I think this is a fair assessment.

> Finally of course there'll be a large percentage of misogynistic or bitter
> (MRA) jerks that want to make you feel small so they can feel good - and
> unfortunately with the current diversity levels they have a voice. I can
> imagine it's enraging.

This is where the wheels come off, and the bias shows.

There's a large percentage of men who are either misogynistic, and /or MRA
jerks? Why aren't feminists characterized as jerks? Why are you painting MRA
as jerks, but apologizing to feminists if you've accidentally offended them?

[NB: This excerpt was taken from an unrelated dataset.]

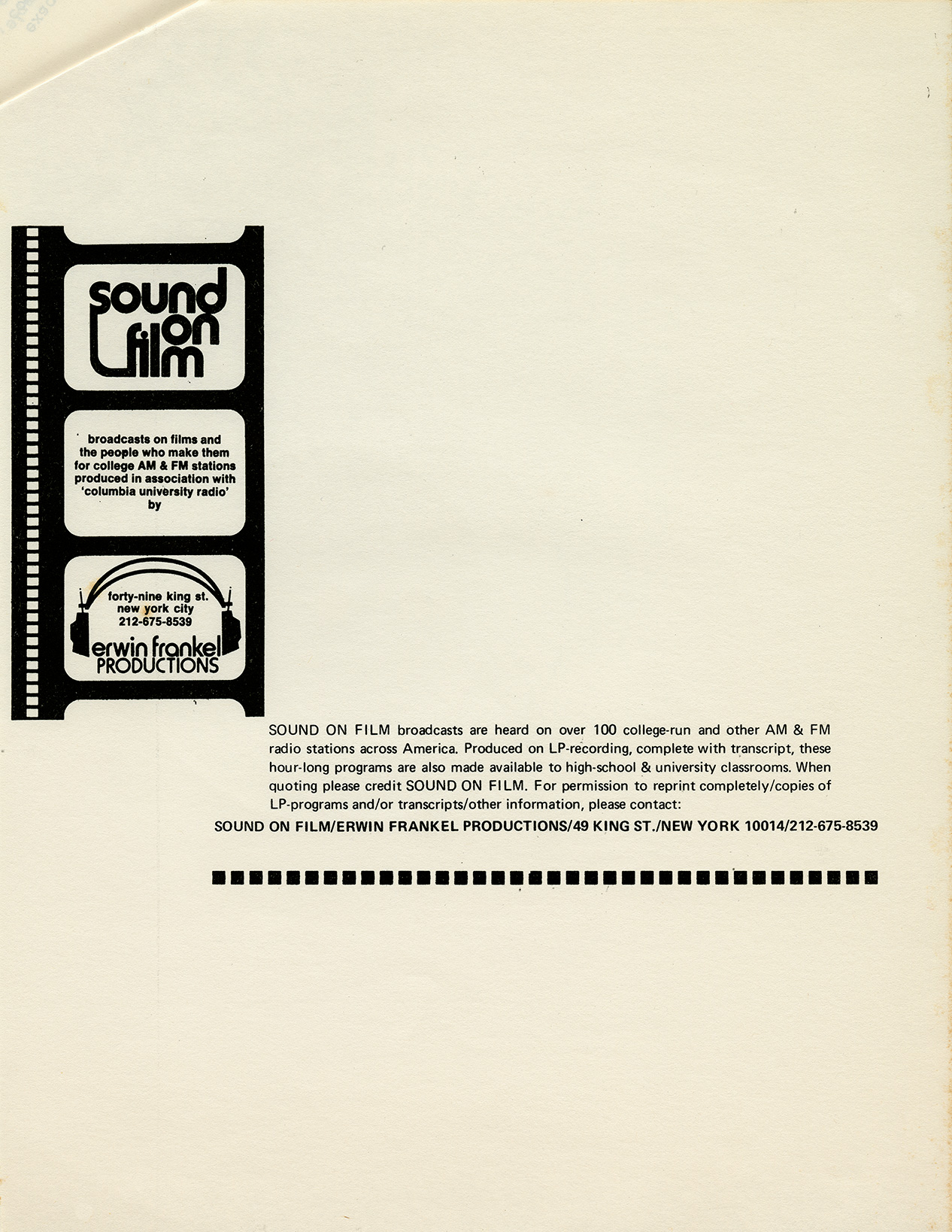 Show Number: Sound on Film, Radio Program 5, May 1970

This is where those of us who really hold no bias start getting annoyed about
the portrayal of the male gender. Men who care about men's rights are jerks,
but women who care about women's rights get apologies if they get offended by
reasonable arguments?

And this was done by a male. If the feminists were really _honest_ they'd call
this man to task for being biased _towards_ women, and they would tell him
they don't want to be held above the other gender either.

The person who posted this goes into depth about the men who have an "ulterior
motive" about hiring women. What is this person's ulterior motive for
pandering to women in this way?

Why do I have to be ok with being told how terrible my gender is in order to
work in this industry anymore?

For the more moderate feminists, consider that. You have a lot of would be
allies who get just as tired of being told how terrible they are, and just
want you go to away as a result. And folks like the person who posted the
above are not helping, they are pandering. A rational person can look at it
and think "this isn't right either".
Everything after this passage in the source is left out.